Comp Neuro: https://neuralensemble.org/
- Brian2 - best for prototyping, general comp neuro abstract modelling
- Elephant - working with actual brain data
- NEST - for REALLY big simulations - im talking about supercomputer level
- Nengo (maybe, I dont know if it is still relavent)

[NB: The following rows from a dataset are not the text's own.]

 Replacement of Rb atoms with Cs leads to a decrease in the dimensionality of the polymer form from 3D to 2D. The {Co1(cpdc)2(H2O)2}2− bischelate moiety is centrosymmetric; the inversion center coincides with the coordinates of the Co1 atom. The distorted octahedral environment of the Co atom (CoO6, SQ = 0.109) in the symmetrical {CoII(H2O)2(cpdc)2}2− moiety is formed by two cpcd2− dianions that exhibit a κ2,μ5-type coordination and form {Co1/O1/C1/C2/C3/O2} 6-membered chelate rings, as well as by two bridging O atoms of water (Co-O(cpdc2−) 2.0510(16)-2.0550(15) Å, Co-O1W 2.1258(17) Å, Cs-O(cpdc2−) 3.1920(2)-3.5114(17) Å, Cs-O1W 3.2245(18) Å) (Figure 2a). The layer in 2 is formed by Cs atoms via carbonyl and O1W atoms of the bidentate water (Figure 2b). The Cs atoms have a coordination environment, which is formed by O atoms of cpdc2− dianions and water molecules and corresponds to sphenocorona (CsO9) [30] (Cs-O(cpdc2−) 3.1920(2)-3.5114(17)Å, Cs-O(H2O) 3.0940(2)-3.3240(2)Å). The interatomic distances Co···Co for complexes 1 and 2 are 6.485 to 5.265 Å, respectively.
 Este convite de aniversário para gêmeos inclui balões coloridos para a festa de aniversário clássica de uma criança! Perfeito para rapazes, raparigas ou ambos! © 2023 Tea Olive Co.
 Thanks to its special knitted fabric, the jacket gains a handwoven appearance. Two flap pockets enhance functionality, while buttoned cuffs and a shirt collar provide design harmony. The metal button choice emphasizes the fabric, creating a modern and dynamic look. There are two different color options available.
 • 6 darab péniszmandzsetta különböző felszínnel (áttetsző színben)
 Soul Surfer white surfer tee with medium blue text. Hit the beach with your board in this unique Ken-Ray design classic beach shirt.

- TransformerLens - good for Mechanistic Interpretability research in ai
Misc:
Ai:
ChatGPT Generated
Computational Neuroscience
| Library | Why You Need It |
|---|---|
| Brian2 | THE simulator for spiking neural networks — fast, very Pythonic, fantastic for experimenting with neuron models. |
| NEURON + LFPy | If you need detailed, biologically-realistic neuron modeling (ion channels, dendrites, etc.) — used in “heavy” neuroscience papers. |
| NEST | Large-scale spiking neural network simulations. Good if you’re scaling up to networks of thousands/millions of neurons. |
| Elephant | Data analysis for neuroscience (spike trains, time series, STA, etc.). Works well with Neo. |
| Neo | Data structures for electrophysiology data (standardizes how spikes, events, analog signals, etc. are stored). |
| BindsNET | Deep learning + spiking neural network toolkit. If you want SNNs and ML connections. |
| PyNN | Abstraction layer to write one code that can run on Brian2, NEST, NEURON, etc. |
If you only want a “working core” you can expand later:
numpy,scipy,matplotlib,pandasbrian2,neo,elephantsympy,jaxseaborn,h5py,scikit-learndask(for larger data)
General
| Rank | Library | Primary Use Case | Learning Source |
|---|---|---|---|
| 1 | NumPy | Scientific Computing | documentation |
| 2 | Pandas | Data Analysis | documentation |
| 3 | Matplotlib | Data Visualization | documentation |
| 4 | SciPy | Scientific Computing | |
| 5 | Scikit-learn | Machine Learning | |
| 6 | TensorFlow | Machine Learning/AI | |
| 7 | Keras | Machine Learning/AI | |
| 8 | PyTorch | Machine Learning/AI | |
| 9 | Flask | Web Development | |
| 10 | Django | Web Development | |
| 11 | Requests | HTTP for Humans | |
| 12 | BeautifulSoup | Web Scraping | |
| 13 | Selenium | Web Testing/Automation | |
| 14 | PyGame | Game Development | |
| 15 | SymPy | Symbolic Mathematics | |
| 16 | Pillow | Image Processing | |
| 17 | SQLAlchemy | Database Access | |
| 18 | Plotly | Interactive Visualization | |
| 19 | Dash | Web Applications | |
| 20 | Jupyter | Interactive Computing | |
| 21 | FastAPI | Web APIs | |
| 22 | PySpark | Big Data Processing | |
| 23 | NLTK | Natural Language Processing | |
| 24 | spaCy | Natural Language Processing | |
| 25 | Tornado | Web Development | |
| 26 | Streamlit | Data Apps | |
| 27 | Bokeh | Data Visualization | |
| 28 | PyTest | Testing Framework | |
| 29 | Celery | Task Queuing | |
| 30 | Gunicorn | WSGI HTTP Server | |
Neuroscience Tools
- Nengo - Library for creating and simulating large-scale brain models.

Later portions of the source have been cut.